IgG Sensitization to Extracellular Vesicles in Indoor Dust Is Closely Associated With the Prevalence of Non-Eosinophilic Asthma, COPD, and Lung Cancer

Kim, You Sun; Choi, Jun Pyo; Kim, Min Hye; Park, Han Ki; Yang, Sejung; Kim, Youn Seup; Kim, Tae Bum; Cho, You Sook; Oh, Yeon Mok; Jee, Young Koo; Lee, Sang Do; Kim, Yoon Keun

Allergy Asthma Immunol Res. 2016 May;8(3):198-205. 10.4168/aair.2016.8.3.198.

IgG Sensitization to Extracellular Vesicles in Indoor Dust Is Closely Associated With the Prevalence of Non-Eosinophilic Asthma, COPD, and Lung Cancer

Affiliations

¹Asan Institute for Life Science and University of Ulsan College of Medicine, Seoul, Korea.
²Institute of Convergence Medicine, Ewha Womans University Medical Center and Ewha Womans University School of Medicine, Seoul, Korea. juinea@ewha.ac.kr
³Department of Internal Medicine, Dankook University College of Medicine, Cheonan, Korea. ykjee@dku,edu
⁴Department of Allergy and Clinical Immunology, Asan Medical Center, Seoul, Korea.
⁵Department of Pulmonary and Critical Care Medicine, and Clinical Research Center for Chronic Obstructive Airway Disease, Asan Medical Center, Seoul, Korea. ymoh55@amc.seoul.kr

KMID: 2391039
DOI: http://doi.org/10.4168/aair.2016.8.3.198

Abstract

PURPOSE
Recent experimental evidence shows that extracellular vesicles (EVs) in indoor dust induce neurtrophilic pulmonary inflammation, which is a characteristic pathology in patients with severe asthma and chronic obstructive pulmonary disease (COPD). In addition, COPD is known to be an important risk factor for lung cancer, irrespective of cigarette smoking.

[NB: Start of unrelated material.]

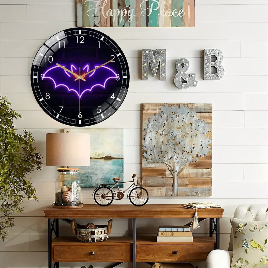 Decor Wall Clock: Gho St Bat Glass Wall Clock ,Gho St Pumpkin Hallo-ween Wall Clock for Home Decor, Christmas Gift for Bedroom, Game Room, Man Cave, Party Decor, Gym Lover Gift.
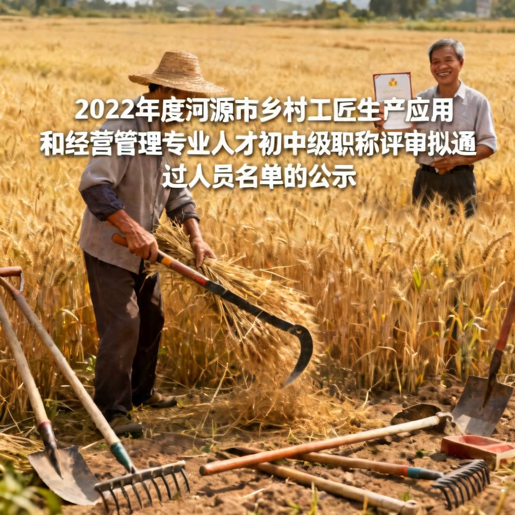 根据《关于做好2022年度乡村工匠专业人才职称评审工作的通知》(粤农农函〔2022〕831号)要求,经河源市乡村工匠生产应用专业人才中级职称评审委员会和河源市乡村工匠经营管理专业人才中级职称评审委员会评审,拟认定冯文渊等39名同志取得乡村工匠生产应用和经营管理专业(初)中级专业技术资格,现予以公示。

Here, we evaluated whether sensitization to indoor dust EVs is a risk for the development of asthma, COPD, or lung cancer.
METHODS
Serum IgG antibodies against dust EVs were measured in 90 healthy control subjects, 294 asthmatics, 242 COPD patients, and 325 lung cancer patients. Serum anti-dust EV IgG titers were considered high if they exceeded a 95 percentile value of the control subjects. Age-, gender-, and cigarette smoke-adjusted multiple logistic regression analyses were performed to determine odds ratios (ORs) for asthma, COPD, and lung cancer patients vs the control subjects.
RESULTS
In total, 4.4%, 13.6%, 29.3%, and 54.9% of the control, asthma, COPD, and lung cancer groups, respectively, had high serum anti-dust EV IgG titers. Adjusted multiple logistic regression revealed that sensitization to dust EVs (high serum anti-dust EV IgG titer) was an independent risk factor for asthma (adjusted OR, 3.3; 95% confidence interval [CI], 1.1-10.0), COPD (adjusted OR, 8.0; 95% CI, 2.0-32.5) and lung cancer (adjusted OR, 38.7; 95% CI, 10.4-144.3).
CONCLUSIONS
IgG sensitization to indoor dust EVs appears to be a major risk for the development of asthma, COPD, and lung cancer.

Keyword

Extracellular vesicles; IgG sensitization; indoor dust; asthma; COPD; lung cancer

MeSH Terms

Antibodies
Asthma*
Dust*
Humans
Immunoglobulin G*
Logistic Models
Lung Neoplasms*
Lung*
Odds Ratio
Pathology
Pneumonia
Prevalence*
Pulmonary Disease, Chronic Obstructive*
Risk Factors
Smoking
Tobacco Products
Antibodies
Dust
Immunoglobulin G

Figure

Fig. 1 The distribution of serum anti-dust EV IgG concentrations in the healthy control, asthma, COPD, and lung cancer groups. The dashed vertical line indicates the cutoff value that represents high serum anti-dust EV IgG levels. This cutoff value was defined as the 95 percentile value of the control subjects. The histograms are presented with normal distribution curves. Serum anti-EV: the concentration of serum IgG reactive to EVs in indoor dust.
Fig. 2 Adjusted odds ratios showing the relationship between high serum anti-dust EV IgG levels and the risk of asthma subtypes/COPD severity/lung cancer subtypes. Multiple linear logistic regression analyses after adjustment for age, gender, and cigarette smoking history were performed on 294 asthma, 242 COPD, and 325 lung cancer patients vs 90 control subjects. Asthma was divided into non-atopic and atopic asthma according to positive skin prick test responses to common inhalant allergens, and into non-eosinophilic and eosinophilic asthma according to sputum eosinophil percentage (3%). COPD were divided into into tertile subgroups according to lung function. Lung cancer was classified as main cellular subtypes, namely, squamous cell carinoma, adenocarcinoma, and small cell lung cancer. Serum anti-dust EV IgG levels were deemed to be high when they exceeded the 95 percentile value of the control subjects. *P<0.05 vs the control group.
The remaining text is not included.